Running on empty
Weekend plans, rides to work or home force drivers to suffer long lines
SAN ANTONIO – Ron Wilson sat in a line of cars around the block at the Stripes station Friday afternoon, waiting to fill up with the gas he needed to make a two-hour drive this weekend.
"I have two boys that live in the Victoria area, and they were hit by the storm so we were going to go down there," Wilson said.
Though the quarter-tank he still had might last Wilson through the weekend, it would not last him for the drive to Victoria.
A rush on gasoline has complicated an already weakened fuel supply system in the wake of Harvey and caused fuel pumps to temporarily run dry in San Antonio and elsewhere in Texas.
While officials have urged drivers against panic buying as the industry struggles to meet demand, many on Friday waited out the long lines with their gas gauges pointed at "empty." Without the gas to fill their tanks, they worried about how they would get to work, make it to their weekend plans or even get home.
"But when you see that, 'Ooh, will I make it to home?' You know? That's when you go like, 'OK, I guess I can wait 30 minutes,'" said Louanne Rintala as she exited the same gas station where Wilson waited in line.
Some, like April Amaya, who was nearly out of gas, needed the gasoline for their Labor Day weekend getaways.
"We were planning to go to Blanco River," she said. "So hopefully I can fill up and we can head out that way this weekend."
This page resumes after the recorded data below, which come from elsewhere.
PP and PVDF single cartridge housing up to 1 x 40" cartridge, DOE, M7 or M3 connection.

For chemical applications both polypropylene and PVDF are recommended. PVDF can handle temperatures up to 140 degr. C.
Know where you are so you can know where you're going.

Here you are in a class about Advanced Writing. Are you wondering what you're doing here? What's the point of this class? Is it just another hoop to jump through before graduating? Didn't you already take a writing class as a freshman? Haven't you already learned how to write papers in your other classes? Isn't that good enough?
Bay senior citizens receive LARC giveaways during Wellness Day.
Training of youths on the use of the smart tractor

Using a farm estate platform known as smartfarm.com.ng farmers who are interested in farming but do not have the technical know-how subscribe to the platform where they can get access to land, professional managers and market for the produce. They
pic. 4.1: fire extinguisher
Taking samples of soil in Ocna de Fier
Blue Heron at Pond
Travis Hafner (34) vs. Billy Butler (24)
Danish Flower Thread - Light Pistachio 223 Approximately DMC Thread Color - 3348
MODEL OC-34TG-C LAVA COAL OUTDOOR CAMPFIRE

So, hooked by the promise of a full tank, lines stretched down the street at the stations with fuel for the second day in a row. The change from "E" to "F" on their gas gauges was a welcome relief to drivers.
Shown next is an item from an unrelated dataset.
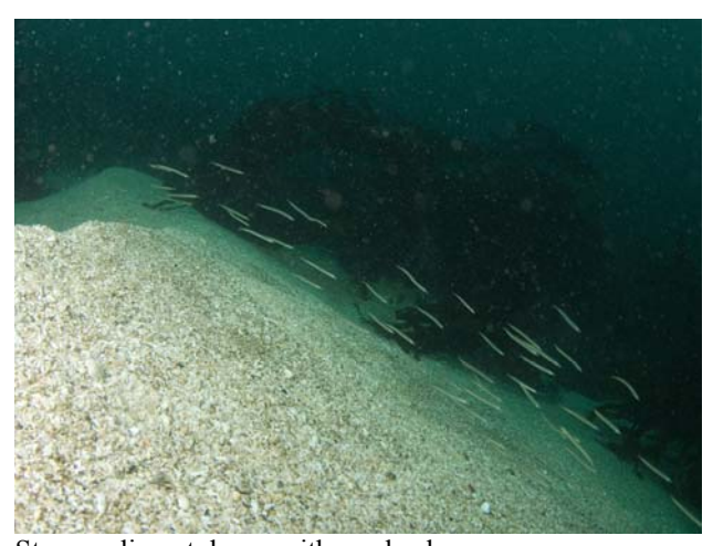
Steep sediment dunes with sand eels Sally Sharrock

This site was a totally different topography from any of the other sites. A series of rock outcrops formed reef areas with kelp cover from 15 to 20m below sea level and were surrounded by coarse sand and gravel dunes with large sand waves several meters high in places. The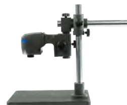
Single arm stand

"It just feels great to have my car full," Amaya said as she drove out with a full tank. "We're not worried that I'm going to get stranded somewhere."
A long wait wasn't always rewarded. As Wilson crept forward in the line, a store employee came out to tell each driver there was no more gas.
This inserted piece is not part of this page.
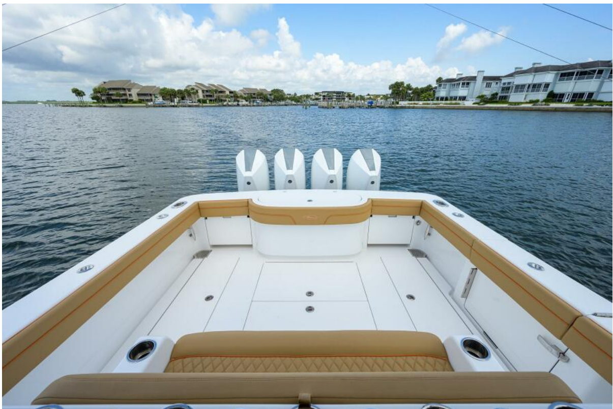
Valhalla 41 Reel Time - Cockpit 2021 Valhalla 41 Center Console Reel Time

"Only other place I know is down on San Pedro," Wilson said as he weighed his alternatives. "They have gas down there, but it will probably run out before I get there. So I may not have a trip after all. I may save some money."
Mayor Ron Nirenberg released a statement Friday afternoon asking store owners to temporarily restrict individual gas purchases and drivers to fill up only when necessary.